Krabbe disease (KRB) is a rare and often fatal lysosomal storage disease that causes progressive damage to the nervous system. With our pioneering efforts in KRB research, we are at the forefront of developing cutting-edge diagnostic tools and therapeutics to facilitate the effective management of KRB. As your reliable partner in KRB research, we offer unmatched support to fulfill your scientific research needs.

Introduction to KRB

Krabbe disease (KRB), also known as globoid cell leukodystrophy, is a severe neurological disorder that falls under the category of leukodystrophies. It is characterized by the progressive loss of myelin (the protective covering around nerve cells), resulting in impaired transmission of nerve signals. The most common form of KRB is the infantile form, which usually begins within 12 months of age. 85%-90% of individuals with infantile form show progressive neurological deterioration and die before the age of two years. The global incidence of KRB ranges from 1/100,000 to 1/250,000 live births.

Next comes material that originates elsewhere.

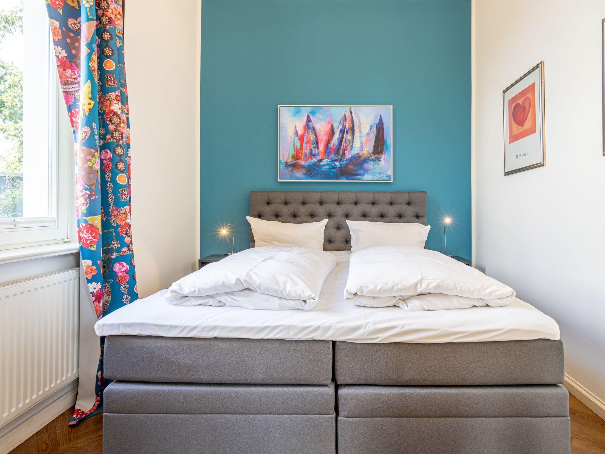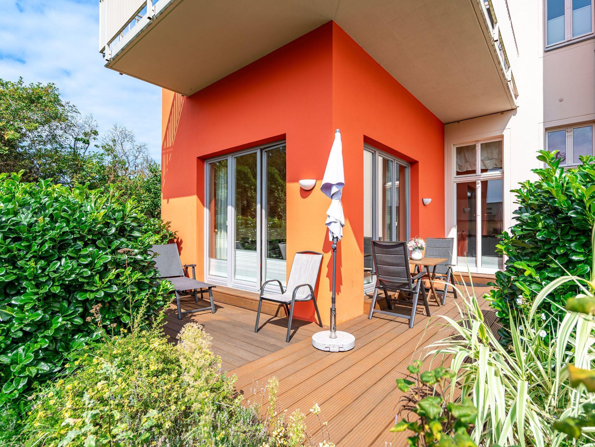 Ihre Ferienwohnung 3 (57qm), im Parterre der Villa, verwöhnt Sie mit moderner Möblierung und farblich gekonnt kombinierten Farben und Stoffen. Helle Räume, ein aufwendig sanierter Parkettboden und die geschmackvollen Dekorationen lassen keine Wünsche offen. Die offene Wohnküche, das Wohnzimmer mit großzügiger Couch, Schlafsessel und das Schlafzimmer mit Doppelbett (1,80m x 2,00m) bieten Platz für 2 bis 3 Personen [&] Kleinkind (bis 2 Jahre). Auf der Terrasse, die zur Südseite ausgerichtet ist, genießen Sie die Nachmittagssonne. Für kleine Gäste stellen wir gern ein Kinderreisebett und einen Hochstuhl zur Verfügung. Für Ihren Komfort sind bei Ihrer Anreise die Betten liebevoll bezogen, auch der erste Satz Handtücher liegt für Sie bereit. Ein Pkw-Stellplatz steht am Haus, unter dem Carport, zur Verfügung.

Fig. 1 Mechanisms underlying demyelination and dysmyelination and mechanism-based therapeutic targets for Krabbe diseaseFig. 1 Mechanisms underlying demyelination and dysmyelination and mechanism-based therapeutic targets for Krabbe disease (Won, Je‐Seong, et al., 2016)

Pathogenesis of KRB

KRB is caused by mutations in the GALC gene encoding galactosylceramidase. This enzyme is responsible for breaking down specific fats called galactolipids, including galactosylceramide and psychosine. Mutations in the GALC gene result in a lack of galactosylceramidase activity, leading to the accumulation of galactolipids and subsequent damage to myelin-forming cells. Loss of myelin and impaired nerve signaling results in the characteristic symptoms of KRB, including muscle weakness, difficulty eating, developmental delays, and vision problems.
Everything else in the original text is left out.